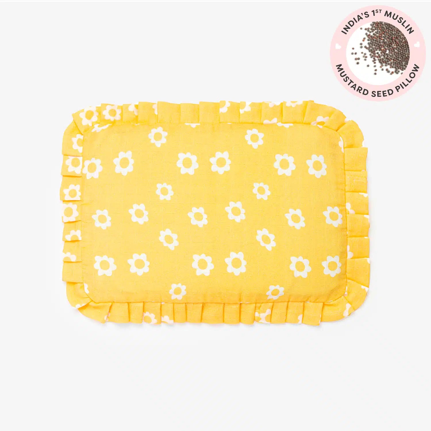 A baby pillow mustard seeds filled is a small-sized pillow for newborn babies. It is filled with natural mustard seeds and sealed in a cloth pillow cover to keep under a newborn’s head for support.
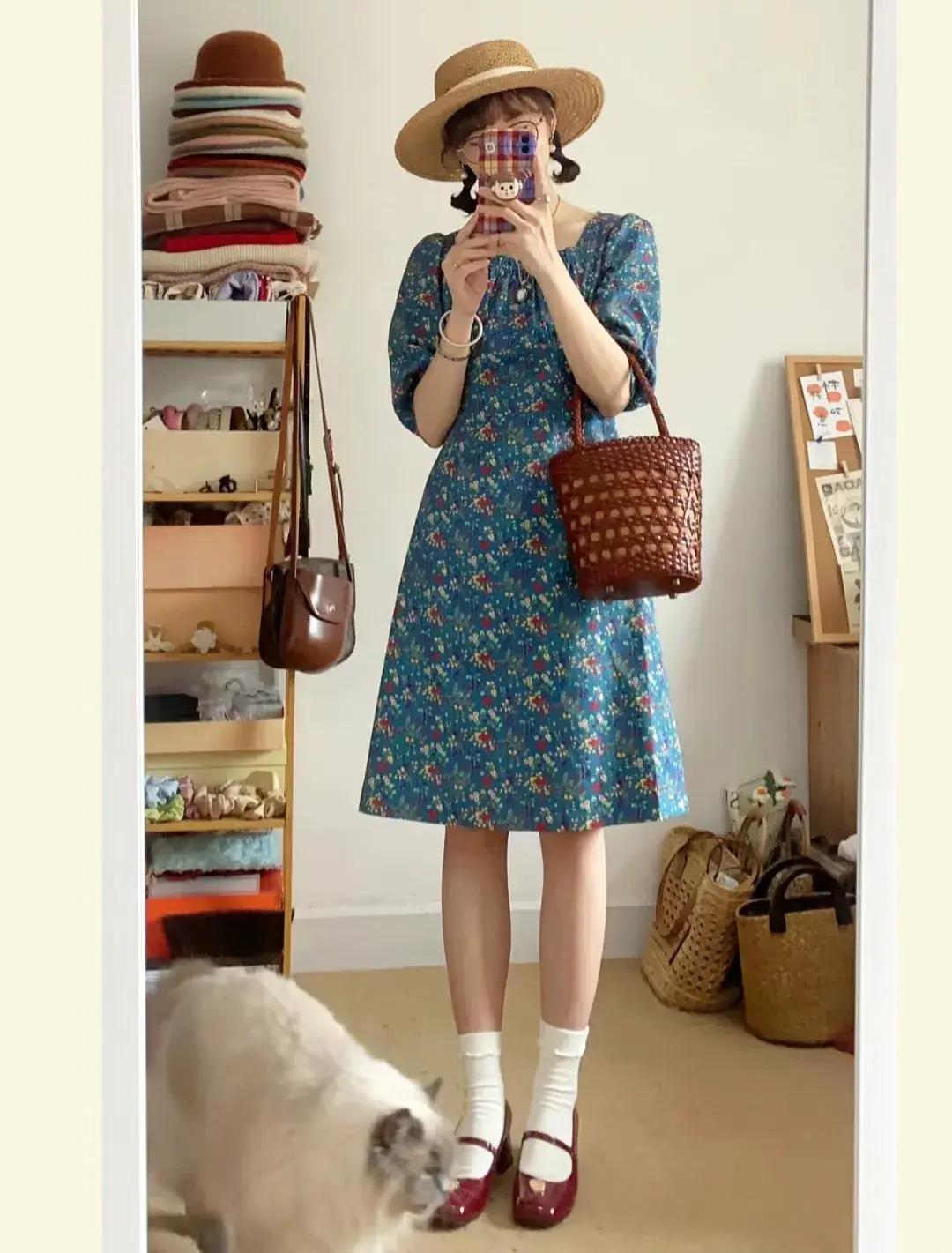 自帶復古氣息的一條花裙子,真的沒法拒絕,長度上是剛好過膝蓋的,加上高腰的設計,在視覺上能起到拉長腿部線條的既視感,小個子也能打造出高挑感。
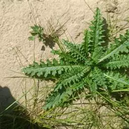 叶无柄,条状披针形,长6-10厘米,宽7-15 毫米,篦齿状羽状浅裂至深裂(叶轴宽3-8毫米),基部裂片抱茎;裂片条形或条状披针形,尖锐,边缘有不等大的锯齿或浅裂,齿端和裂片顶端有软骨质尖头,上面疏生长柔毛,下面毛较密,有腺点或几无腺点,下部叶花期凋落,上部叶渐小。
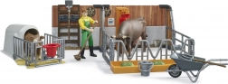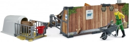Umožněte dětem stát se malými farmáři s touto detailní farmářskou sadou. Sada zahrnuje dva kotce: jeden pro tele a větší pro krávu, oba vybaveny napajedlem a krmítkem. Děti si užijí hraní s pohyblivou figurkou farmáře a realistickými nástroji, což jim přiblíží každodenní život na farmě.
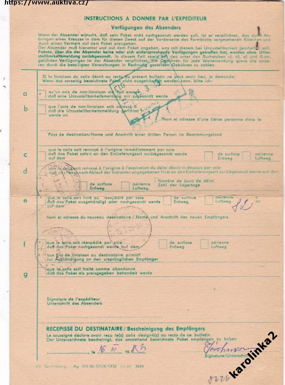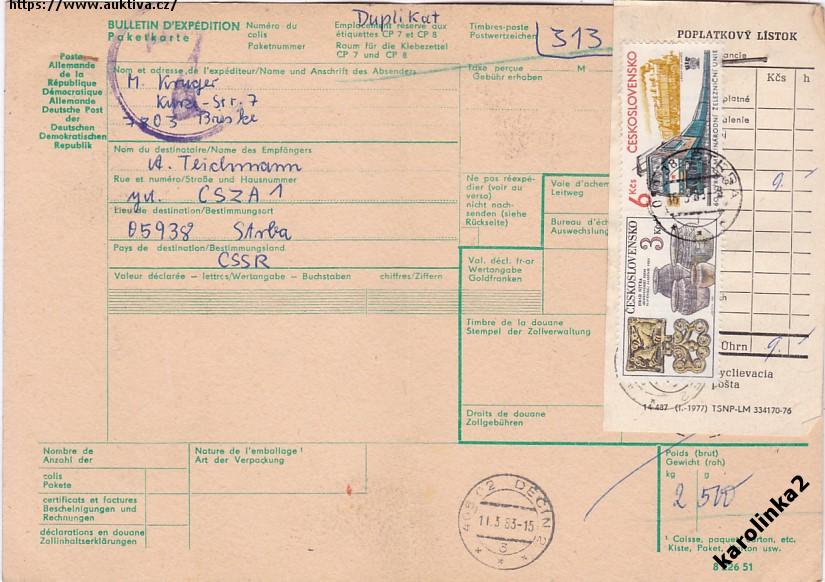 PRŮVODKA NĚMECKO=DOPLATIT ŠTRBA=rok1983*P1228
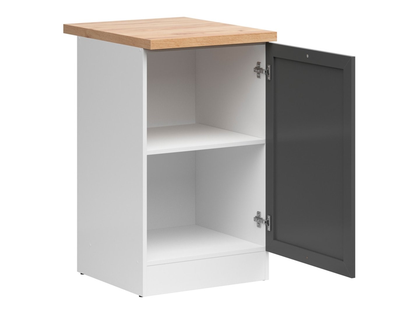The Junona Line base cabinet with countertop is perfect for those who desire a functional kitchen. The base cabinet features a practical shelf that divides the interior into two sections, allowing for easy organization of kitchen accessories according to the user’s needs. Its optimal dimensions of 50×86 cm make it a perfect fit even in small kitchens, helping to efficiently utilize the available space next to the oven, sink, and waste bin.
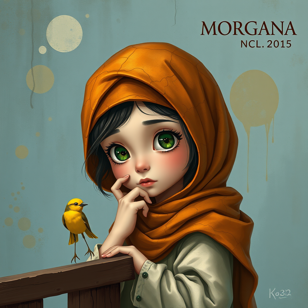 An enchanting illustration captures a young girl with delicate features and large emerald eyes, her head adorned with a richly textured, burnt orange-patterned headscarf and a matching cloak that boasts cracks mimicking the graceful wear of aged paint. In a pose of deep contemplation, she gently rests her chin on her hand, her gaze deeply focused on a tiny, vibrant canary-yellow bird perched on a rustic wooden railing. Behind her, the backdrop unfolds as a muted artistic canvas of blue hues, textured with abstract, softly faded shapes that evoke the mystery of an ancient mural. The scene is imbued with whimsy, nostalgia, and fantasy, exuding a painterly quality with intricate details. The name ‘MORGANA’ elegantly graces the top right corner, hinting at the creator or source of this captivating artwork.

- [Problem details]:
Every line from the top of the records above to the line with "自帶復古氣息的一條花裙子,真", inclusive, should be duplicated exactly, minus the pictures.

- [Answer section]:
 A baby pillow mustard seeds filled is a small-sized pillow for newborn babies. It is filled with natural mustard seeds and sealed in a cloth pillow cover to keep under a newborn’s head for support.
 自帶復古氣息的一條花裙子,真的沒法拒絕,長度上是剛好過膝蓋的,加上高腰的設計,在視覺上能起到拉長腿部線條的既視感,小個子也能打造出高挑感。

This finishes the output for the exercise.